Data records:
○ ○ ○
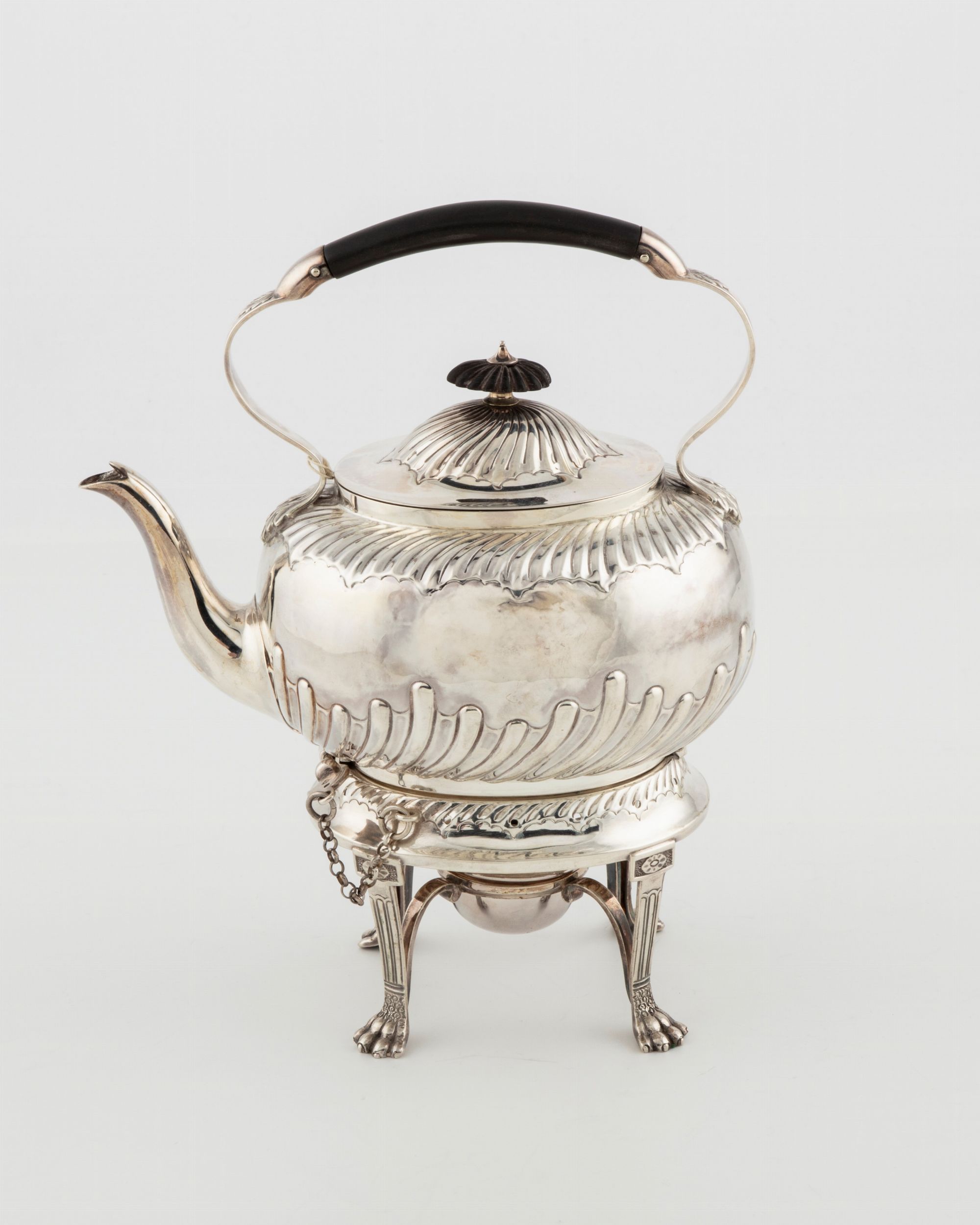 Londra, 1886 Argentiere RMEH (Martin, Hall & Co Ltd?),  poggiante su quattro piedini ferini, corpo e coperchio baccellati, presa del manico e del coperchio in legno.
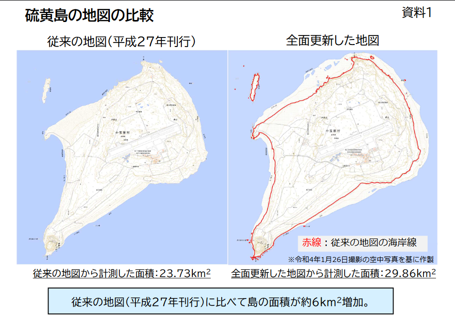 「2015年と比較して硫黄島の面積は約1.3倍となり、約6km2(東京ドーム約130個分)の面積が増加しました」>>2
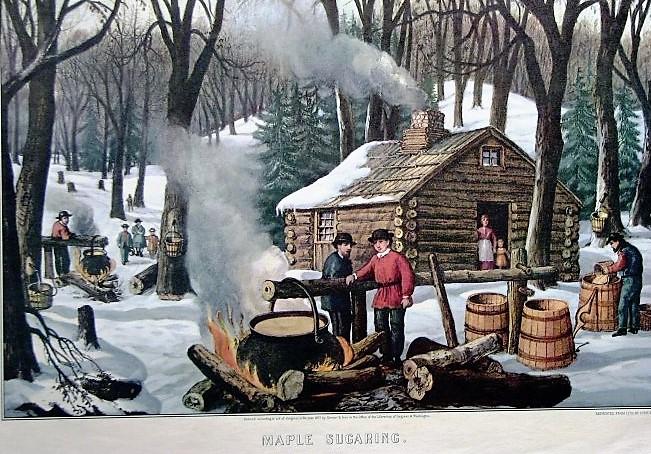 The production of syrup and sugar from the sap of the maple tree was known in America long before the first European colonists arrived. The Native Americans taught the settlers how to collect the sap, and sugar making became one of the most important seasonal tasks of farm life.
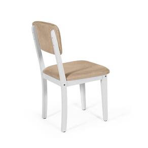 Mesa De Jantar Redonda Gabi Nat/bran Com 4 Cadeiras Estofadas Ella Branco/bege
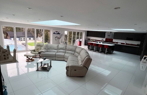 Air-con family room: 8 seat reclining sofa with 55" TV with Sky, Netflix, Prime & Wii game.
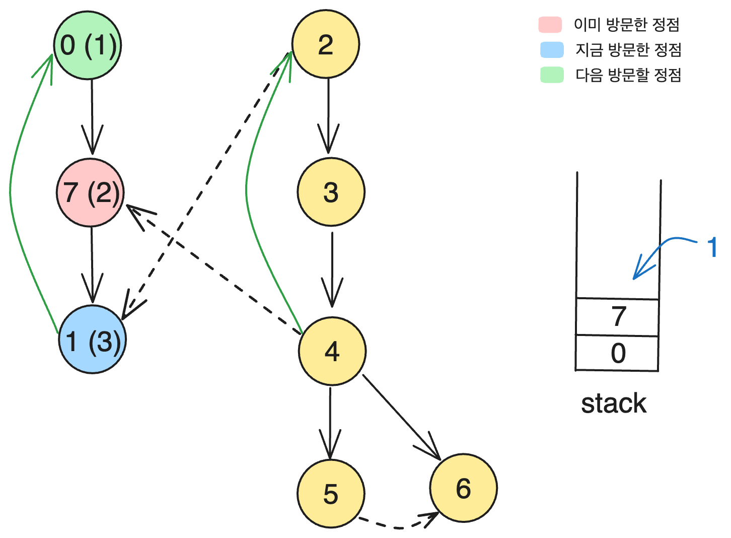 이제 7 차례입니다. 7 또한 stack에 넣고 다음 정점인 1을 방문하게 됩니다.
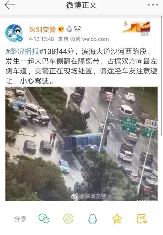深圳交警通過微博發(fā)布消息,提醒沿途司機(jī)注意避讓,小心行駛。
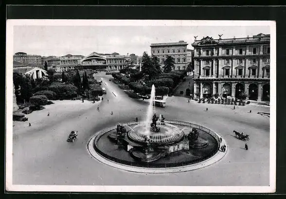 AK Rom, Piazza dell`Esedra und Termini-Bahnhof, Strassenbahn
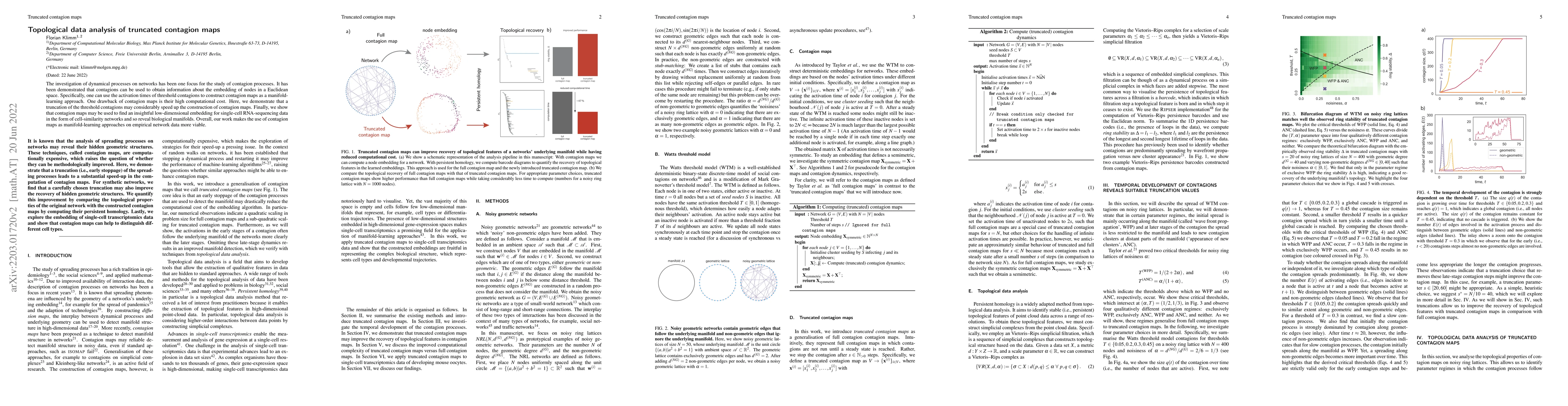 The investigation of dynamical processes on networks has been one focus for the study of contagion processes. It has been demonstrated that contagions can be used to obtain information about the embedding of nodes in a Euclidean space. Specifically, one can use the activation times of threshold contagions to construct contagion maps as a manifold-learning approach. One drawback of contagion maps is their high computational cost. Here, we demonstrate that a truncation of the threshold contagions may considerably speed up the construction of contagion maps. Finally, we show that contagion maps may be used to find an insightful low-dimensional embedding for single-cell RNA-sequencing data in the form of cell-similarity networks and so reveal biological manifolds. Overall, our work makes the use of contagion maps as manifold-learning approaches on empirical network data more viable.
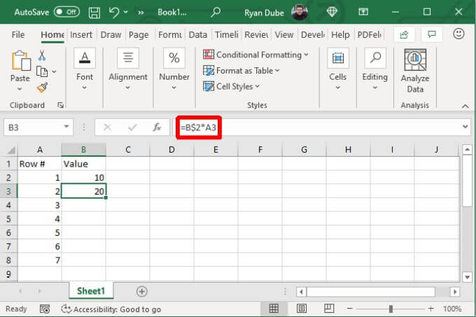 In this case, we want the following behaviors when filling to the right. * Always reference the value in cell B2
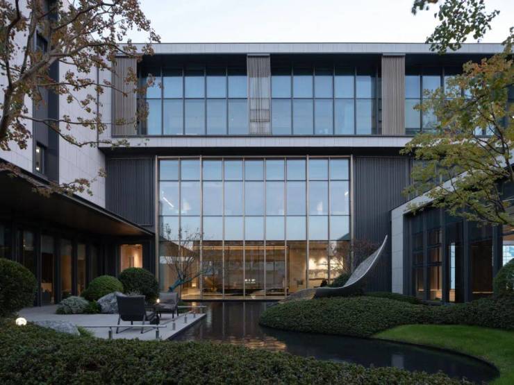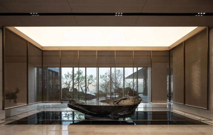 △ 假山雕塑,与景观交映成趣,阳光折射,动静变幻为空间带来灵动的视觉体验。
○ ○ ○
WORK ITEM: Using the data above, retype exactly the lines from the line with "Air-con family room: 8" to the line with "AK Rom, Piazza", inclusive. No pictures and nothing else.

ANSWER AREA:
 Air-con family room: 8 seat reclining sofa with 55" TV with Sky, Netflix, Prime & Wii game.
 이제 7 차례입니다. 7 또한 stack에 넣고 다음 정점인 1을 방문하게 됩니다.
深圳交警通過微博發(fā)布消息,提醒沿途司機(jī)注意避讓,小心行駛。
 AK Rom, Piazza dell`Esedra und Termini-Bahnhof, Strassenbahn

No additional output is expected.